§ **Work order**
The material below is to be copied exactly from the line with "Okas Residency by" up to and including the line with "Máquina de Gelo MGP12 / MGP12SS PraxisSe", with nothing else kept and no pictures.

(Data shown Opens)

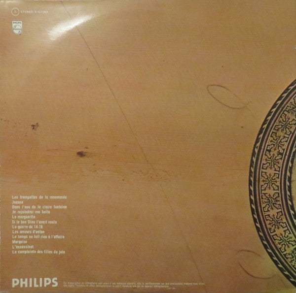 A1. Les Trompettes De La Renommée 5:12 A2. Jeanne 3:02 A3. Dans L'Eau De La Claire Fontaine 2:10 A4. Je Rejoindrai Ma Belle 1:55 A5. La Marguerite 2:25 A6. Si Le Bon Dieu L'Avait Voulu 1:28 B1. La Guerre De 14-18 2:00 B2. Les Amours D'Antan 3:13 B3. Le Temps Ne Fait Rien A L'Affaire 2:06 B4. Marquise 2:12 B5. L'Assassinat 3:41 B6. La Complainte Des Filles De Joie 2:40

(Data shown Closes)
(Data shown Opens)

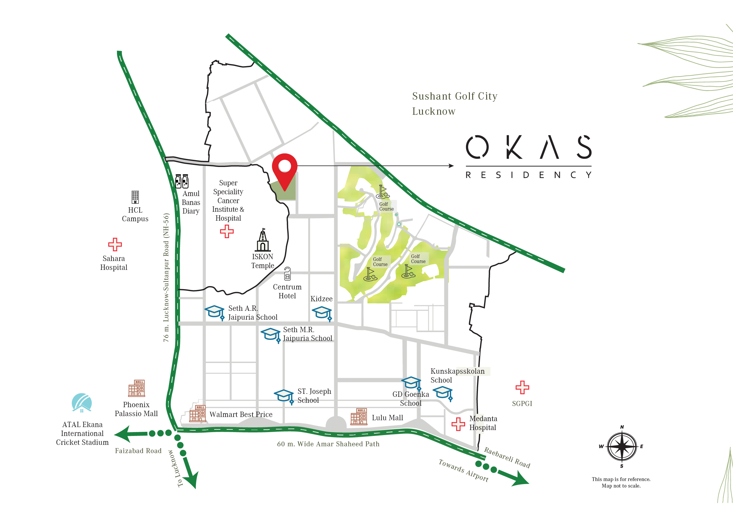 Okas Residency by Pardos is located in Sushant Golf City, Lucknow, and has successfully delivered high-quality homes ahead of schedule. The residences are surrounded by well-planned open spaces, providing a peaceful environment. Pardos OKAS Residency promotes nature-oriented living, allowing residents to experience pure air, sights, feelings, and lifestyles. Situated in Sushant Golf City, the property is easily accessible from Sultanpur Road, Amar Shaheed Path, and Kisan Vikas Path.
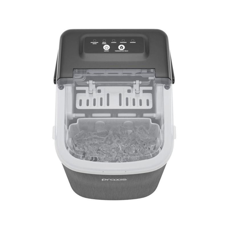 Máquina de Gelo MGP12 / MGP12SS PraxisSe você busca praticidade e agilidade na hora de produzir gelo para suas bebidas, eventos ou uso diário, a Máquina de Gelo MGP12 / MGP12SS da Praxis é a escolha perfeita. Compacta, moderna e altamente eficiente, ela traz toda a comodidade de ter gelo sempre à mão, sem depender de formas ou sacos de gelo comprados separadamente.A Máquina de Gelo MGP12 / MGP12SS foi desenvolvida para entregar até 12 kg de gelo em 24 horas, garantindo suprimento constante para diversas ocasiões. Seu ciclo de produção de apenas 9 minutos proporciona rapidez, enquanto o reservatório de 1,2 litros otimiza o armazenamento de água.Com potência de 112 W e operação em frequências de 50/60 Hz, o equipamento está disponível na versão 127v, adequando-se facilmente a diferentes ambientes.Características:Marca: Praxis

(Data shown Closes)

§ **Result**
 Okas Residency by Pardos is located in Sushant Golf City, Lucknow, and has successfully delivered high-quality homes ahead of schedule. The residences are surrounded by well-planned open spaces, providing a peaceful environment. Pardos OKAS Residency promotes nature-oriented living, allowing residents to experience pure air, sights, feelings, and lifestyles. Situated in Sushant Golf City, the property is easily accessible from Sultanpur Road, Amar Shaheed Path, and Kisan Vikas Path.
 Máquina de Gelo MGP12 / MGP12SS PraxisSe você busca praticidade e agilidade na hora de produzir gelo para suas bebidas, eventos ou uso diário, a Máquina de Gelo MGP12 / MGP12SS da Praxis é a escolha perfeita. Compacta, moderna e altamente eficiente, ela traz toda a comodidade de ter gelo sempre à mão, sem depender de formas ou sacos de gelo comprados separadamente.A Máquina de Gelo MGP12 / MGP12SS foi desenvolvida para entregar até 12 kg de gelo em 24 horas, garantindo suprimento constante para diversas ocasiões. Seu ciclo de produção de apenas 9 minutos proporciona rapidez, enquanto o reservatório de 1,2 litros otimiza o armazenamento de água.Com potência de 112 W e operação em frequências de 50/60 Hz, o equipamento está disponível na versão 127v, adequando-se facilmente a diferentes ambientes.Características:Marca: Praxis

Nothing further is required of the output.